A New History of Modern Hebrew Literature
Baruch Kurzweil was perhaps the most belligerent early critic of Hebrew Literature. Kurzweil viewed Jewish modernity as catastrophe – a radical discontinuity with the Jewish past that was pregnant with disaster. His answer to the loaded question posed by the title of his most influential book, Our Modern Literature-Continuity or Revolt? – is that Modern Hebrew literature has but false claims of inheritance – it represents not the renewal of the Jewish spirit, but its fragmentation.
Our new collection, which will be published by Cambridge University Press, aims to renew a dialogue with Kurzweil’s view of Jewish modernity as crisis, and with his associated rejection of the historical trajectory that moves from traditionally informed texts, through enlightenment, culminating in the literature of the State of Israel.
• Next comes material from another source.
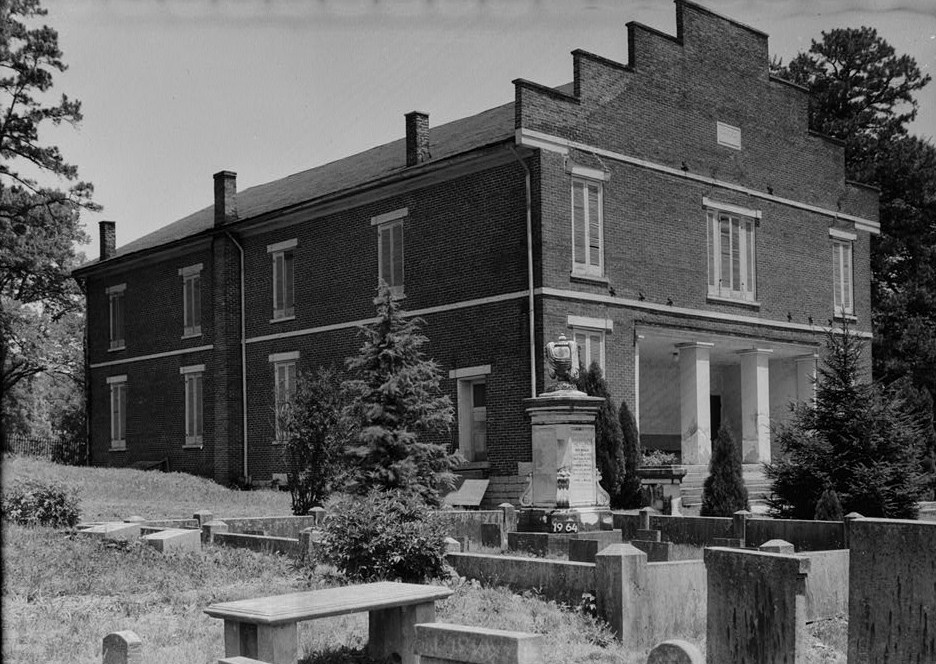 Zion Church (Presbyterian), State Route 1, Columbia vicinity (Maury County, Tennessee) cropped This file comes from the Historic American Buildings Survey (HABS), Historic American Engineering Record (HAER) or Historic American Landscapes Survey (HALS). These are programs of the National Park Service established for the purpose of documenting historic places. Records consist of measured drawings, archival photographs, and written reports. When reusing please credit: Library of Congress, Prints & Photographs Division, TENN,60-COLUM.V,3-1 This tag does not indicate the copyright status of the attached work. A normal copyright tag is still required. See Commons:Licensing for more information. This work is in the public domain in the United States because it is a work prepared by an officer or employee of the United States Government as part of that person’s official duties under the terms of Title 17, Chapter 1, Section 105 of the US Code. See Copyright. Note: This only applies to original works of the Federal Government and not to the work of any individual U.S. state, territory, commonwealth, county, municipality, or any other subdivision. This template also does not apply to postage stamp designs published by the United States Postal Service since 1978. (See § 313.6(C)(1) of Compendium of U.S. Copyright Office Practices). It also does not apply to certain US coins; see The US Mint Terms of Use. This file has been identified as being free of known restrictions under copyright law, including all related and neighboring rights.

However, whereas for Kurzweil there was one, totalizing axis to the crisis of Jewish modernity – de-sacralization – our collection will try to delineate a multiplicity of economic, gendered, aesthetic and linguistic crises that defined the heterogeneous history of the modern Hebrew text. By focusing critical inquiry on Hebrew literature as it recorded and responded to crisis, we aim to bring to the fore the multiple narratives of this history.
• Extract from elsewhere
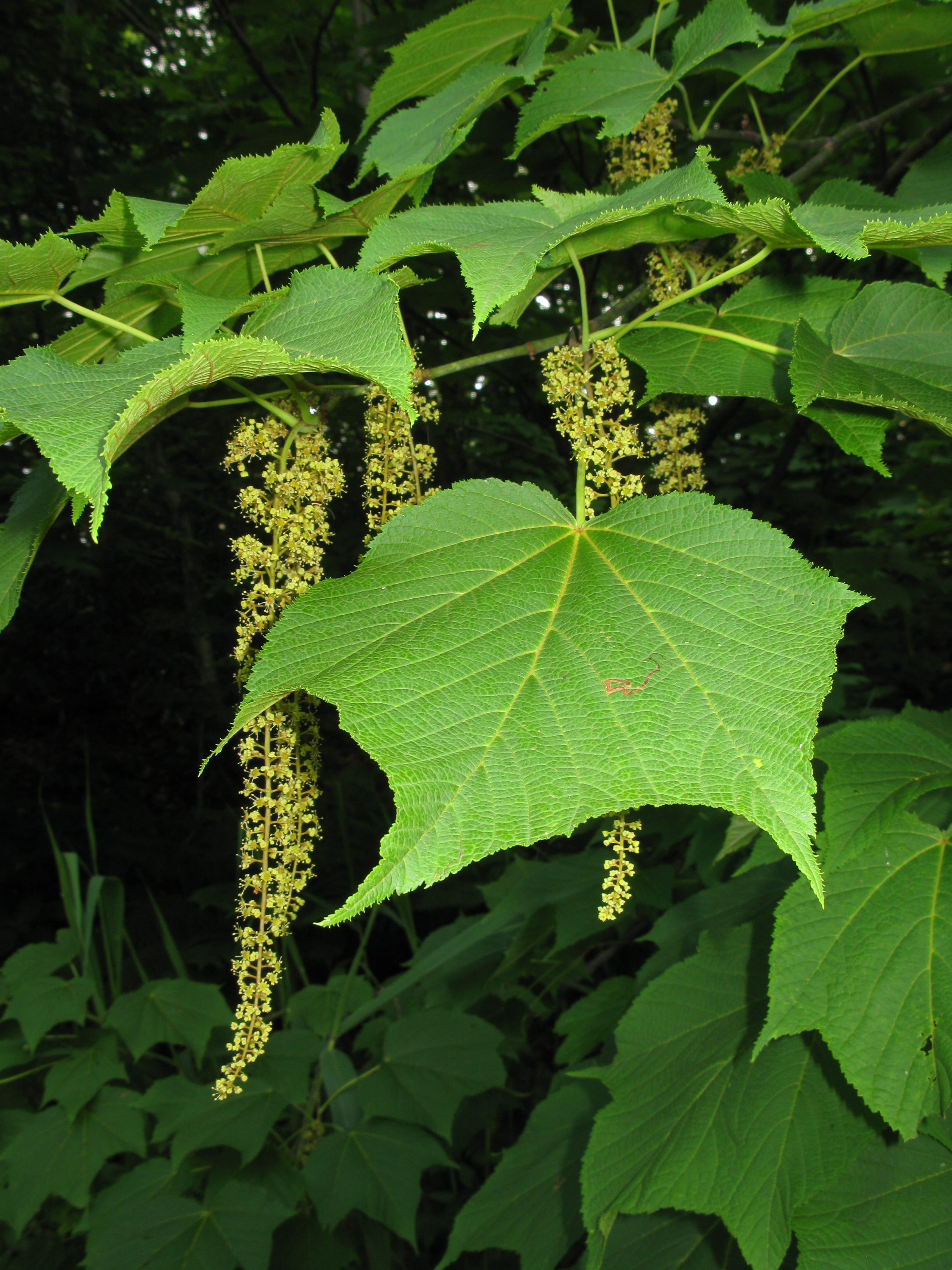 Acer nipponicum, Mount Gassan, Yamagata pref., Japan

With this in mind, we welcome contributions on a diversity of themes. We would be particularly interested in essays that engage critically with processes of canonization and the ways in which literary history writing unavoidably participates in a certain discourse of power through acts of inclusion and exclusion. We seek papers that address literary multilingualism and the history of Hebrew translation, as well as work which positions the Hebrew text in a global-transnational context. We also invite comparative work on Jewish and non-Jewish languages. Of particular interest at this time are essays addressing the American Hebrew literary center in the early 20th century, Palestinian Hebrew writing, popular literature, new media and the history of Hebrew print media.